«Вбежав в маленькую квартиру Ильича, я, прежде всего, увидел Марию Ильиничну, метавшуюся из комнаты в комнату и в крайнем нервном возбуждении повторявшую:
– Что же это такое? До каких пор это будем терпеть? Неужели и это пройдет им даром?
Тут же, прижавшись к стене, тихо рыдала сотрудница Совнаркома Анна Петровна Кизас. Я сказал ей, что плакать нельзя, что это расстраивает. Она быстро взяла себя в руки и твердо выполняла все ей поручаемое.
Владимир Ильич лежал на правом боку и тихо стонал. Лицо его было бледно. Разорванная рубашка обнажала грудь и левую руку, на которой виднелись две ранки на плечевой кости. Я предложил немедленно смазать отверстия ран йодом, дабы предотвратить от внешнего заражения, что было тут же сделано. И тут Владимир Ильич открыл глаза, скорбно посмотрел на меня и сказал:
– Больно, сердце больно… Очень сердце больно.
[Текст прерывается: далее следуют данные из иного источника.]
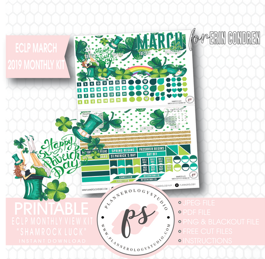 Shamrock Luck St Patrick's Day March 2019 Monthly View Kit Digital Printable Planner Stickers (for Standard A5 Wide Monthly 1.6" Width Date Boxes)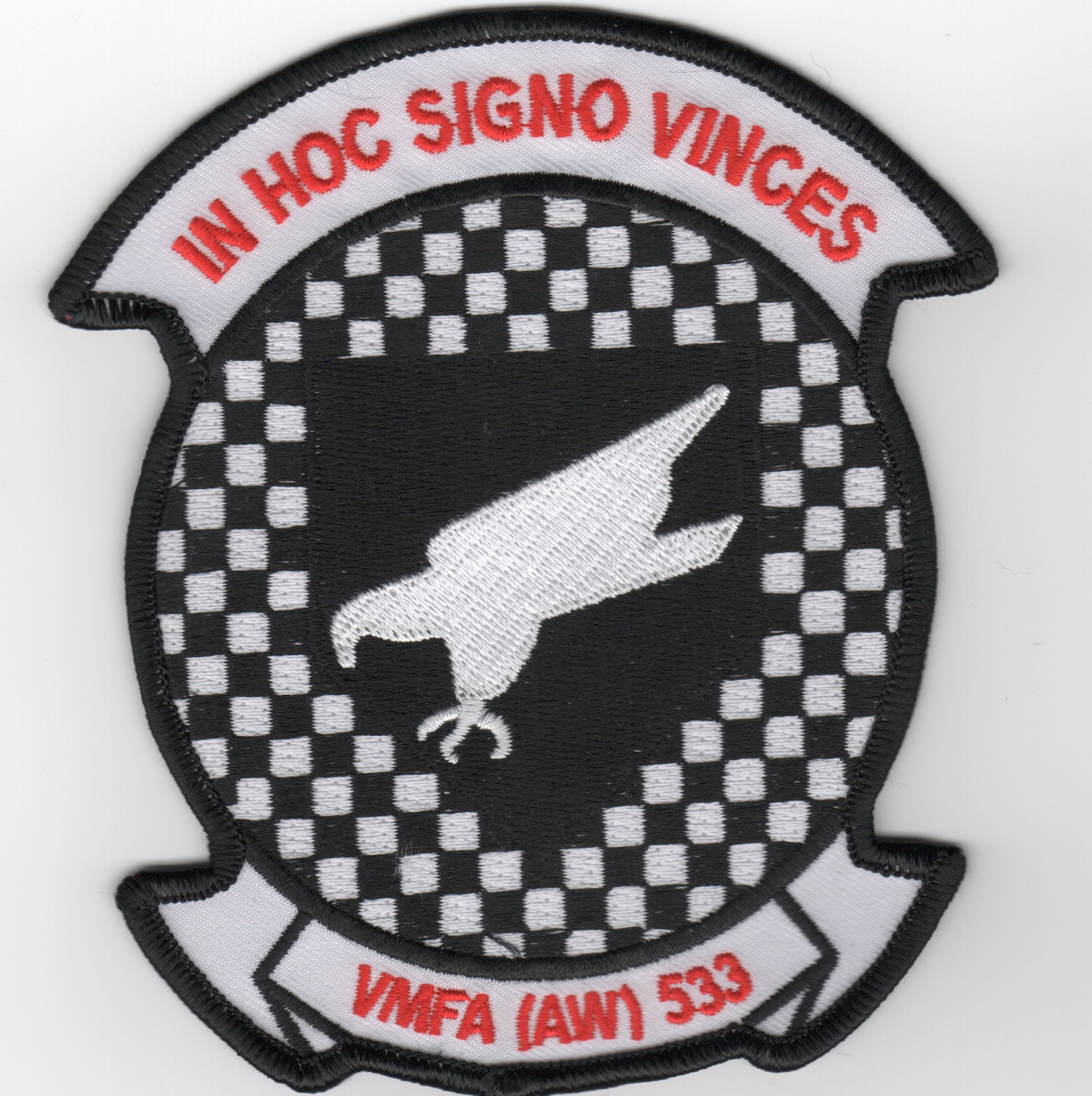 This is the LARGE version of the ‘black/white’ checkered pattern of the squadron patch for the VMFA(AW)-533 ‘Hawks’. Years ago, they flew the A-6 Intruder out of MCAS Cherry Point, NC under the watchful eyes of MAG-14. They deployed to Sheik Isa air base, Bahrain for Operation Desert Storm and have since converted to the F/A-18D Hornet flying out of MCAS Beaurfort, SC. This patch does not have velcro attached.

– Сердце ваше не затронуто, – успокоил я. – Я вижу раны, они в руке. А болит у вас не сердце, это отражательная нервная боль.
– Раны, в руке… А от сердца далеко? Сердце не может быть затронуто?
И он затих, закрыв глаза. Лицо стало еще бледней, и на лбу появился желтоватый восковой оттенок. Тут я по-настоящему перепугался!
– Как бы не умер, – пронеслось в голове.
Я бросился к телефону и начал названивать в Московский Совет и кому-то еще, требуя прислать врачей. В Кремле тогда еще не была организована медицинская помощь, не было ни аптеки, ни больницы, так что за лекарствами и кислородными подушками пришлось посылать по городу. Вскоре мне доложили, что профессора Обух, Вейсброд и Минц уже в пути.
Между тем Ленину стало хуже: он был без сознания, лицо сделалось смертельно бледным и подернулось каким-то матовым, землистым цветом. Мы поняли, что от страшной боли у него может остановиться сердце, и решились впрыснуть морфий. И надо же так случиться, что пока возились со шприцем, кто-то уронил пузырек с нашатырным спиртом. Пузырек разбился – и комнату заполнил едкий запах нашатыря. Ильич тут же очнулся, сказал: „Вот хорошо“ и опять забылся.
А вскоре приехали врачи. Минц уже был одет в белый халат и тут же взялся за дело. Быстрыми, гибкими пальцами он начал ощупывать места ранений.
– Одна пуля в руке, – односложно бросил он. – Крупные сосуды не затронуты. А где же вторая?
И вдруг его пальцы побежали вокруг шеи.
– Есть, нашел, – заметно побледнев, сказал он. – Вот она, под самой челюстью.
– Это опасно?
– Если бы она задела пищевод или позвоночный столб, ранение можно было бы считать смертельным. Но, как мне кажется, этого не произошло, хотя легкие пуля задела. Думаю, что он будет жить.
При этих словах все облегченно вздохнули. А я снова посмотрел на Ильича. Его худенькое обнаженное тело, беспомощно распластавшееся на кровати, склоненная набок голова, смертельно бледное, скорбное лицо, крупные капли пота, выступившие на лбу – все это было так ужасно, так безмерно больно, вызывало такую острую жалость, что я едва сдерживал слезы.
И лишь после того, как с превеликим трудом втащив на третий этаж тяжеленные сундуки с аппаратурой, сделали рентгеновский снимок груди, врачи с полной уверенностью сказали, что Ленин будет жить. При этом они подчеркнули, что „от смерти Ильича спас лишь случайный и счастливый поворот головы, и что уклонись пуля на один миллиметр в ту или другую сторону, Владимира Ильича, конечно, уже не было бы в живых“».